**What needs to be done:**
Include the line with "Knitted maxi skirt" and every line before it in the entries below, echoed exactly, but not the pictures.

**Data to use:**
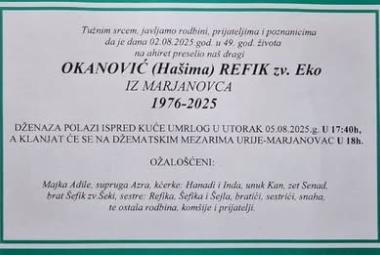 Na Ahiret preselio Okanović (Hašima) Refik zvani Eko
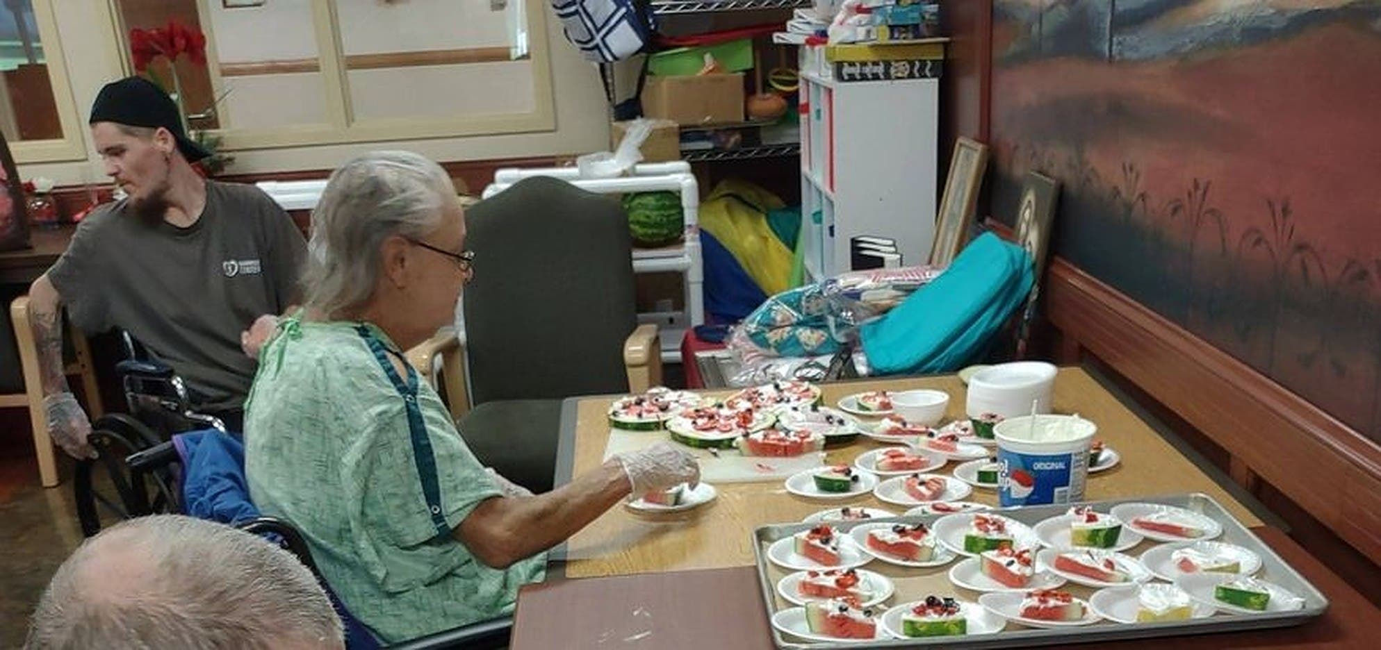 The residents helped the Recreation staff prepare, and plate fruit pizza where the staff sliced watermelon into the shape of a pizza, then added a thin layer of cool whip and topped it with blue berries and strawberries. Then staff offered all of the residents and co-workers a slice. Making healthy food to be fun is a great way to eat healthy.
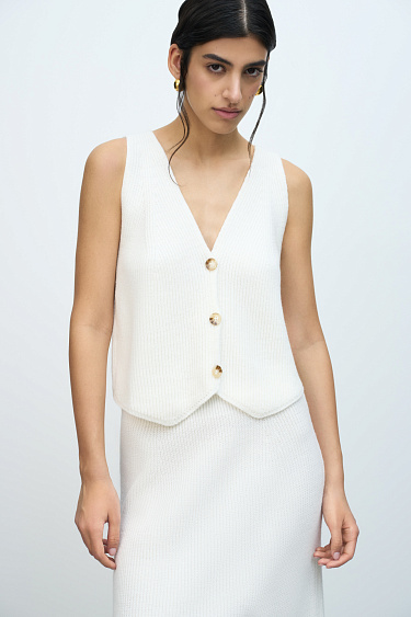 Knitted maxi skirt in a wool blend. Relaxed silhouette with elastic ribbed waistband. You can complement the look with a vest in the same style.
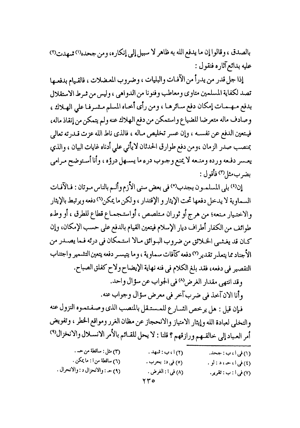 نعم تعصي الخلائق في الصورة التي نحن فيها بمخالفة من توحد لاستحقاق التقدم وسبب تعصيتهم تقاعدهم عن نصب امام يندفع به النزاع والدفاع والخصومات الشاجرة والفتن الثائرة وتتسق به الأمور وتنتظم به المهمات والغزوات والثغور ويجوز أن يصير صائر إلى انه امام وان لم يطع وينفذ ما يمضيه من احكامه على مومافقة وضع الشرع وليس اضراب الخلق عن طاعته في هذه الصورة كما سبق تصويره وتقريره فيما تقدم من ابواب الكتاب فإن ذاك مفروض فيه إذا سقطت طاعة الأمام ووجدنا غيره وضعو الناس وميلهم إلى غيره فالذي يليق باستصلاح الراعي والرعية نصب من هو شوف النفوس والذي نحن فيه مصور فيه إذا تفرد في الزمان من يصلح للامامة فإذا كان كذلك تعينت طاعة مثل هذا على الناس كافة ولا معنى لكون الأمام اماما إلا أن طاعته واجبة وهذا الذي فيه الكلام بهذه الصفة فهو امام يجب اتباعه فتنفذ اذا احكامه
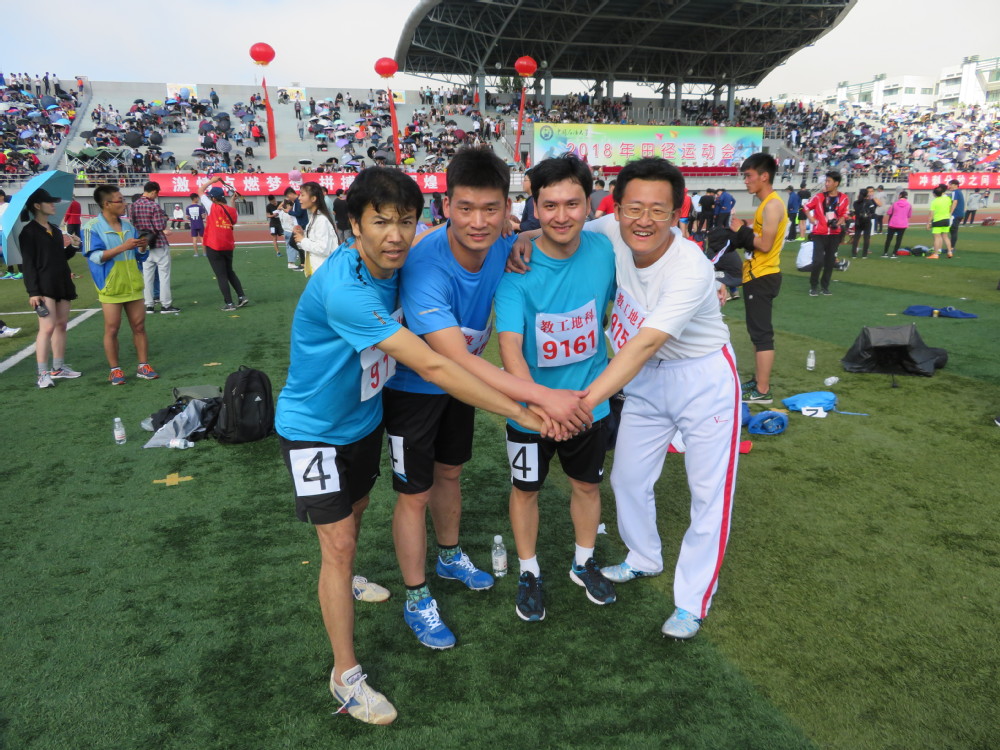四杆老枪勇夺男甲4*100米冠军,极大地鼓舞了全队为地院拼搏的士气,激发了广大教师的集体荣誉感,吹响了进军第一的集结号!有即兴诗为证!

**Answer box:**
 Na Ahiret preselio Okanović (Hašima) Refik zvani Eko
 The residents helped the Recreation staff prepare, and plate fruit pizza where the staff sliced watermelon into the shape of a pizza, then added a thin layer of cool whip and topped it with blue berries and strawberries. Then staff offered all of the residents and co-workers a slice. Making healthy food to be fun is a great way to eat healthy.
 Knitted maxi skirt in a wool blend. Relaxed silhouette with elastic ribbed waistband. You can complement the look with a vest in the same style.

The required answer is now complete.